Rule of thumb: 10 samples per feature.
224 features → Need 2,240 samples per class!
Solution: PCA preprocessing
Reduce 224 → 20 PCs (99% variance)
Now need only 200 samples per class.
Classifier trains faster, generalizes better.
Workflow:
- Fit PCA on unlabeled data
- Transform training data
- Train classifier on PCs
- Transform test data
- Predict
Performance:
Full 224 bands: 87% accuracy, 45 sec training
20 PCs: 86% accuracy, 3 sec training
Minimal accuracy loss, huge speed gain.
7. What Could Go Wrong?
Interpreting PCA Components
Problem:
PCs are linear combinations of all features.
Difficult to interpret physically.
Example:
PC1 = 0.42×Blue + 0.45×Green + 0.48×Red + 0.35×NIR + …
What does this mean physically?
Solution:
- Examine loadings (coefficients)
- Plot PC vs wavelength (spectral signature)
- Use domain knowledge
- Consider sparse PCA (fewer non-zero loadings)
Outliers Dominate
Problem:
PCA sensitive to outliers (uses variance).
Single extreme point can skew PC1.
Example:
999 forest pixels: NIR = 0.4-0.6
1 cloud pixel: NIR = 0.95
PC1 dominated by cloud direction.
Solution:
- Remove outliers before PCA
- Robust PCA (uses median, not mean)
- Normalize features (standard scaling)
t-SNE Pitfalls
Problem 1: Perplexity matters
Perplexity = 5: Too local (fragmented clusters)
Perplexity = 50: Too global (merged clusters)
Must experiment.
Problem 2: Different runs, different results
Stochastic optimization → different embeddings.
Set random seed for reproducibility.
Problem 3: Distances meaningless
Cluster A and B appear close in t-SNE.
Does NOT mean actually similar!
Only within-cluster structure reliable.
Problem 4: Computational cost
$O(n^2)$ scales poorly.
1M pixels: Intractable on CPU.
Solution:
- Use UMAP instead (faster)
- Subsample large datasets
- Use approximations (Barnes-Hut)
Choosing Number of Components
Problem:
How many PCs to retain?

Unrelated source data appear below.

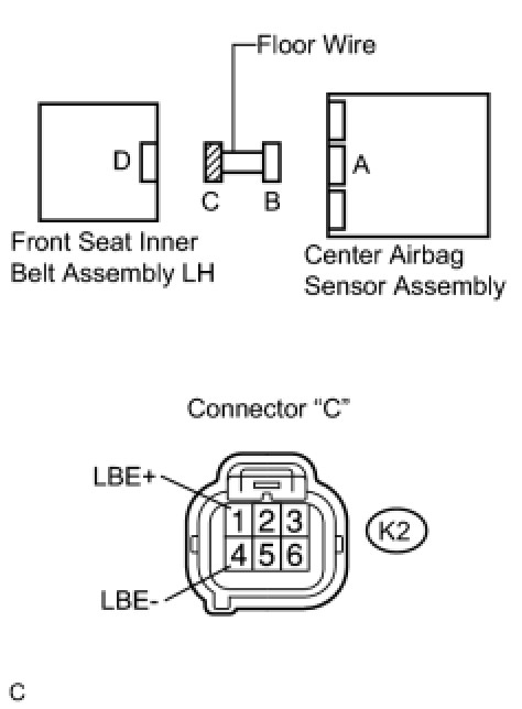 (c) Check that the connectors are properly connected to the center airbag sensor assembly and the front seat inner belt assembly LH.
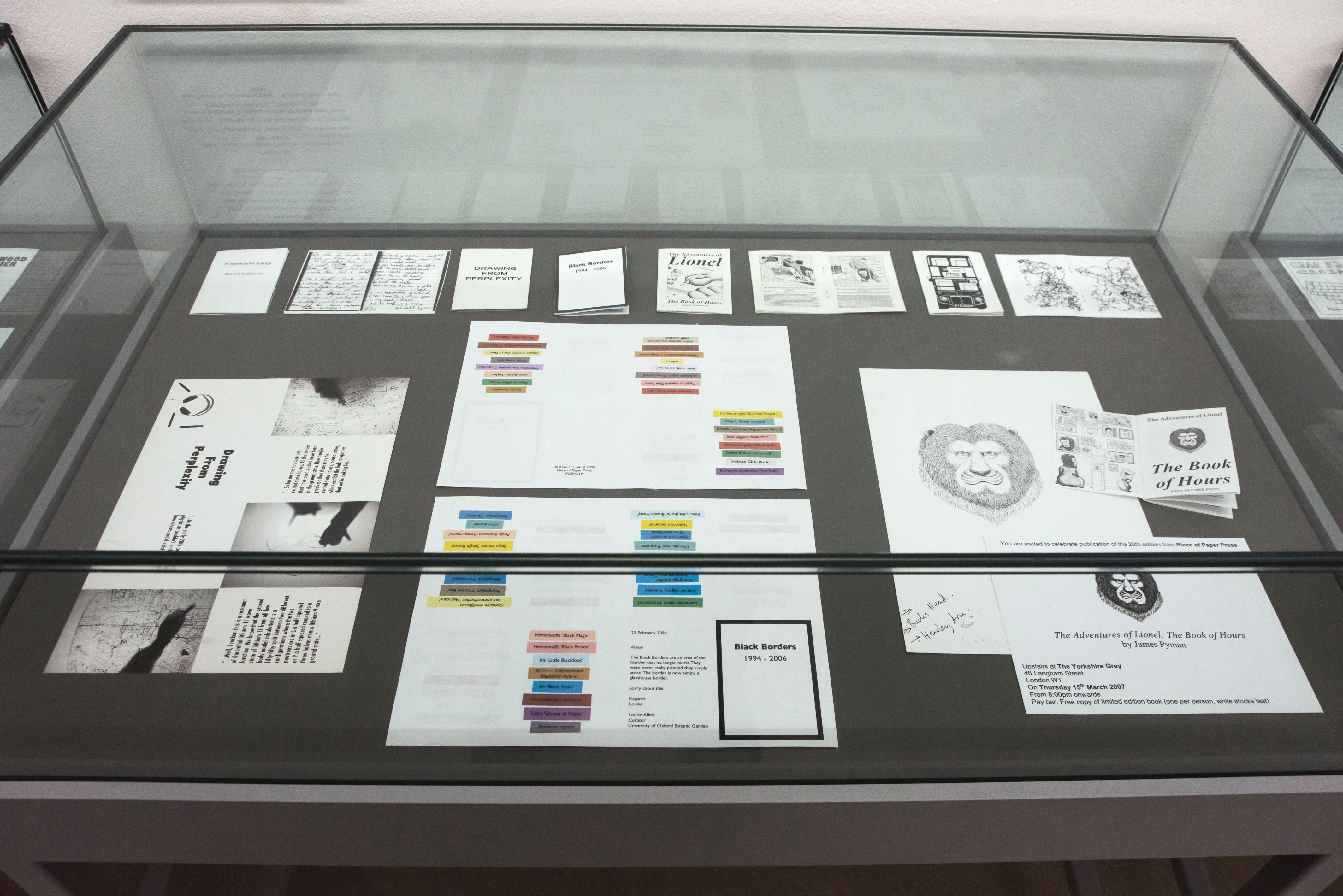 Vitrine 4, Back row (L–R): Borivoj Radaković, Posjetiteljeva Knjiga (POPP.017, 2003), Bruce Gilchrist, Drawing from Perplexity (POPP.018, 2005), Alison Turnbull, Black Borders: 1994–2006 (POPP.019, 2006), James Pyman, The Adventures of Lionel: The book of hours (POPP.020, 2007), Stevie Deas, Cleanskins (POPP.021, 2007). Front (L–R): Bruce Gilchrist, Drawing from Perplexity – uncorrected proof, inkjet on card; Alison Turnbull, Black Borders – unfolded signatures. Bubblejet print; James Pyman – Lionel drawing for title page and event invite. Photocopy. Invitation to celebrate the publication of the 20th edition from Piece of Paper Press, 15 March 2007. Photocopy on card. James Pyman, The Adventures of Lionel: The Book of Hours – page spread. (Photo: Chris Saunders)
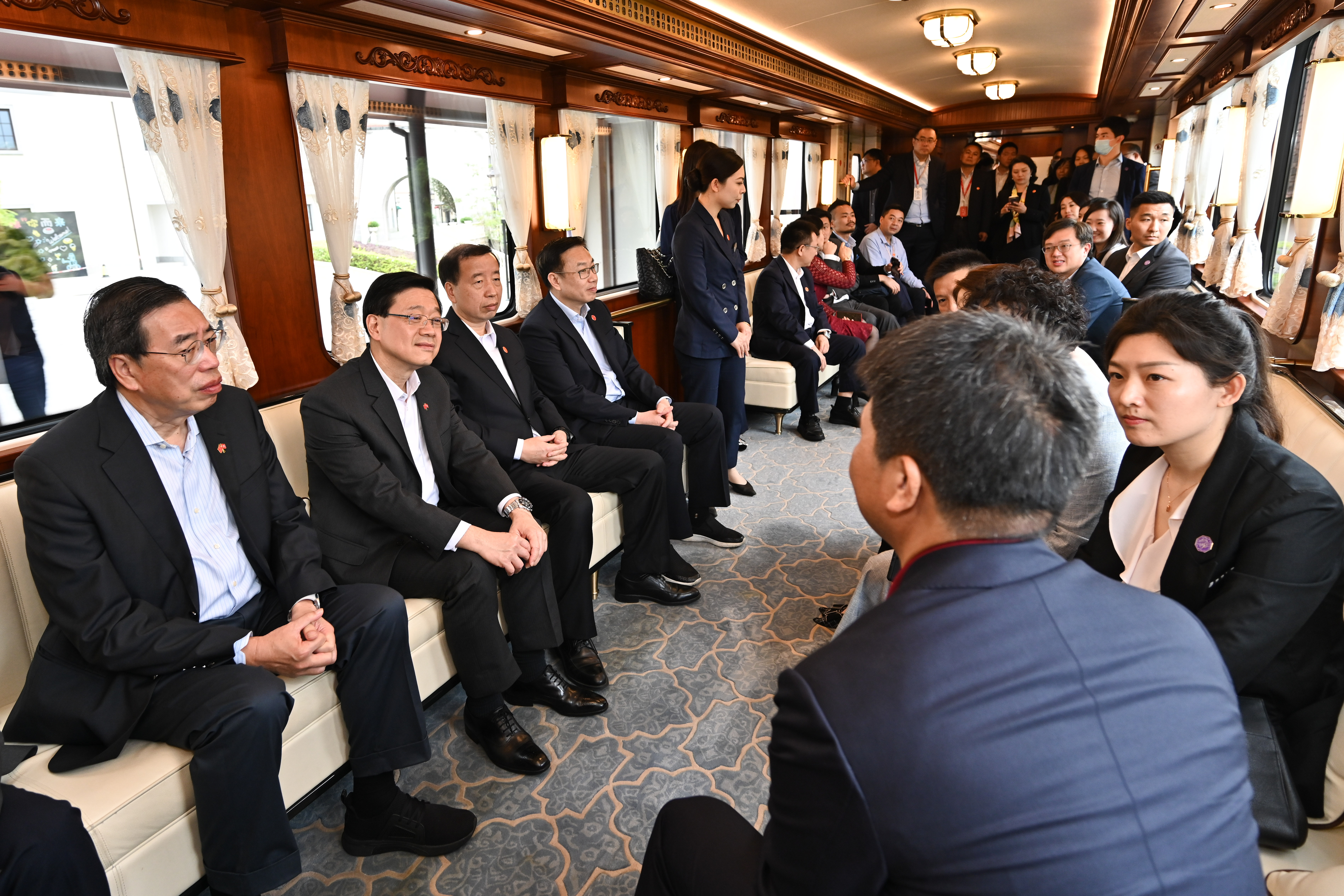 据悉,考察团两队广州会合之后,上午将会参观沥滘浄水厂,随后与广州市领导餐叙,下午将会在珠岛宾馆与广东省领导会面,据悉考察团团昨日为此需进行核酸检测。最后考察团将经广州东站乘搭高铁回港,结束4日考察行程。
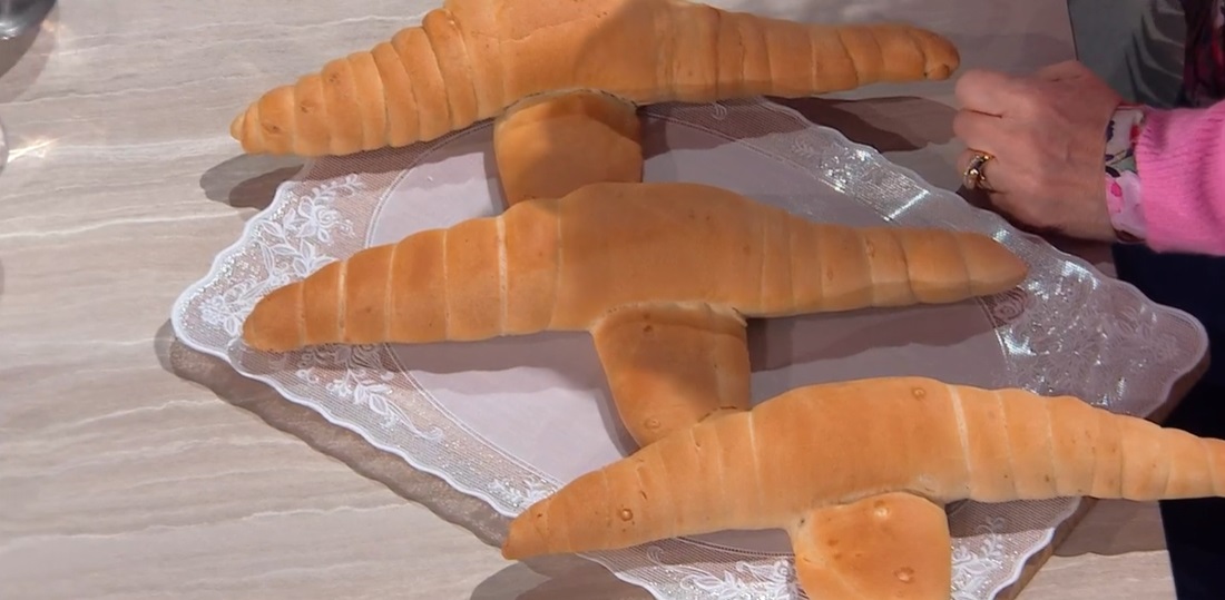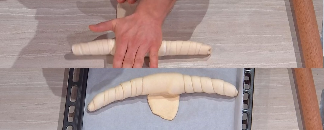 Dividiamo l’impasto in 3-4 parti. Stendiamo ciascuna in modo da ottenere un lingua lunga e sottile. Arrotoliamo quest’ultima su se stessa, ben stretta, schiacciando man mano con il palmo della mano al centro del filone (foto). Alla fine, lasciamo una linguetta. Posizioniamo i pani sulla teglia con carta forno, copriamo e lasciamo lievitare ancora 2 ore a temperatura ambiente.
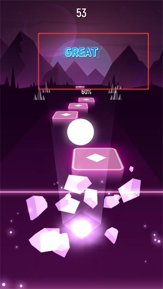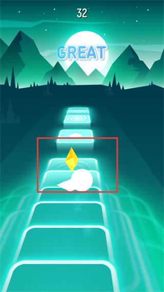 3、操控球体收集路径上的【黄色菱形】道具,完成操作后可触发【GREAT】判定,提升得分。

No universal rule.
Options:
- Scree plot elbow: Where eigenvalues flatten
- Variance threshold: e.g., 95% cumulative
- Cross-validation: Best downstream performance
- Kaiser rule: Keep PCs with $\lambda > 1$
Example:
PC1-3: 85% variance (elbow visible)
PC1-10: 95% variance (threshold met)
PC1-5: Best classification accuracy (CV result)
Different criteria, different answers. Use domain knowledge.
8. Extension: Kernel PCA
Linear PCA limitation:
Only finds linear patterns.
Example:
Data in concentric circles (nonlinear).
PCA fails to separate.
Kernel PCA solution:
Map data to high-dimensional space (kernel trick).
Apply PCA in that space.
Project back to 2D.
Common kernels:
RBF (Radial Basis Function):
\[k(\mathbf{x}_i, \mathbf{x}_j) = \exp\left(-\frac{\|\mathbf{x}_i - \mathbf{x}_j\|^2}{2\sigma^2}\right)\]Polynomial:
\[k(\mathbf{x}_i, \mathbf{x}_j) = (\mathbf{x}_i^T\mathbf{x}_j + c)^d\]Trade-off:
More expressive (captures nonlinearity)
More expensive (kernel matrix $n \times n$)
Harder to interpret
9. Math Refresher: Eigenvalues and Eigenvectors
Definition
For square matrix $\mathbf{A}$:
\[\mathbf{A}\mathbf{v} = \lambda\mathbf{v}\]$\mathbf{v}$ = eigenvector (direction)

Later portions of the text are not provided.